Task inputs:
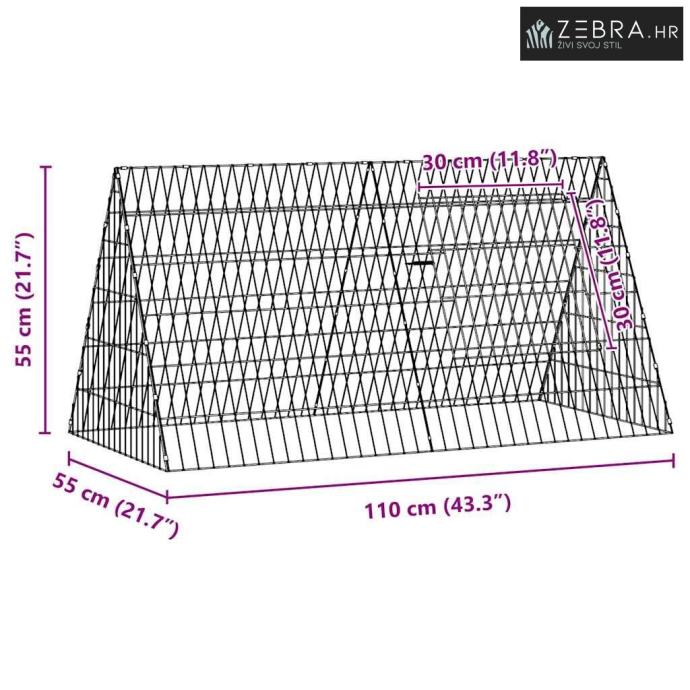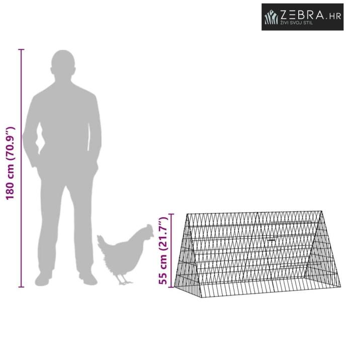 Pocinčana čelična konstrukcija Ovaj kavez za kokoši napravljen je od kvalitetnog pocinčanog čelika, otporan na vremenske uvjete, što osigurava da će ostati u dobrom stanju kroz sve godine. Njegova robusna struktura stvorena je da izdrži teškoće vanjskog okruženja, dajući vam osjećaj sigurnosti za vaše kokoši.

...

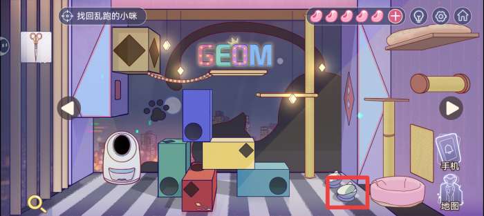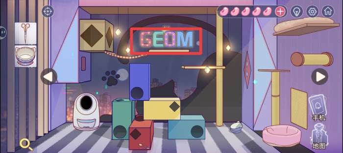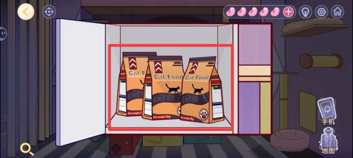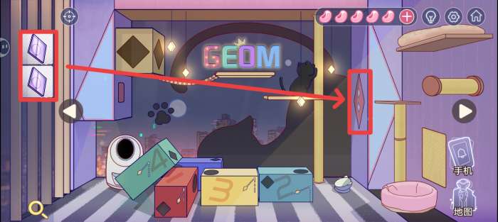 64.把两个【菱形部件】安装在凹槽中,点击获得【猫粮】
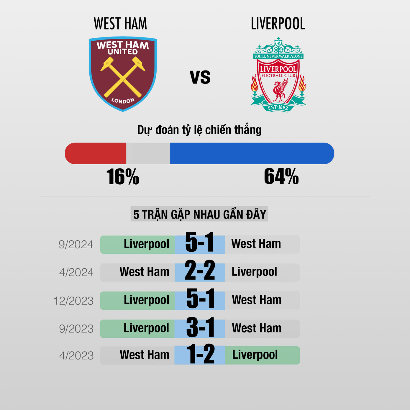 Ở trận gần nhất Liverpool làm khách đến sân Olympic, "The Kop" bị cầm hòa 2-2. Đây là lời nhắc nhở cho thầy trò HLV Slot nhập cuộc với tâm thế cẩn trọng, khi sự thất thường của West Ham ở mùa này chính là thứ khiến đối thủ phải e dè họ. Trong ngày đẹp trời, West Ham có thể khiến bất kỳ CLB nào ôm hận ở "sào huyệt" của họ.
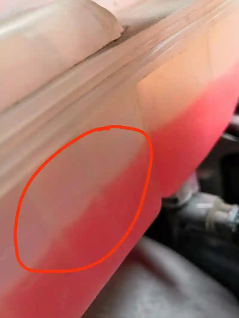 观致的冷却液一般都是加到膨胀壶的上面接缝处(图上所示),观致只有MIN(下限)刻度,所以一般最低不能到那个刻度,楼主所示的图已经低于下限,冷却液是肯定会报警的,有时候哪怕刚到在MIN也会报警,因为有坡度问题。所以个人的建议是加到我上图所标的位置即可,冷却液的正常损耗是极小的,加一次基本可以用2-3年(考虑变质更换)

Assigned task:
For this exercise, transcribe exactly the part of the records above that opens with the line containing "Ở trận gần nhất" and closes with the one containing "观致的冷却液一般都是加到膨胀". Pictures are not part of the copy.

Answer area:
 Ở trận gần nhất Liverpool làm khách đến sân Olympic, "The Kop" bị cầm hòa 2-2. Đây là lời nhắc nhở cho thầy trò HLV Slot nhập cuộc với tâm thế cẩn trọng, khi sự thất thường của West Ham ở mùa này chính là thứ khiến đối thủ phải e dè họ. Trong ngày đẹp trời, West Ham có thể khiến bất kỳ CLB nào ôm hận ở "sào huyệt" của họ.
 观致的冷却液一般都是加到膨胀壶的上面接缝处(图上所示),观致只有MIN(下限)刻度,所以一般最低不能到那个刻度,楼主所示的图已经低于下限,冷却液是肯定会报警的,有时候哪怕刚到在MIN也会报警,因为有坡度问题。所以个人的建议是加到我上图所标的位置即可,冷却液的正常损耗是极小的,加一次基本可以用2-3年(考虑变质更换)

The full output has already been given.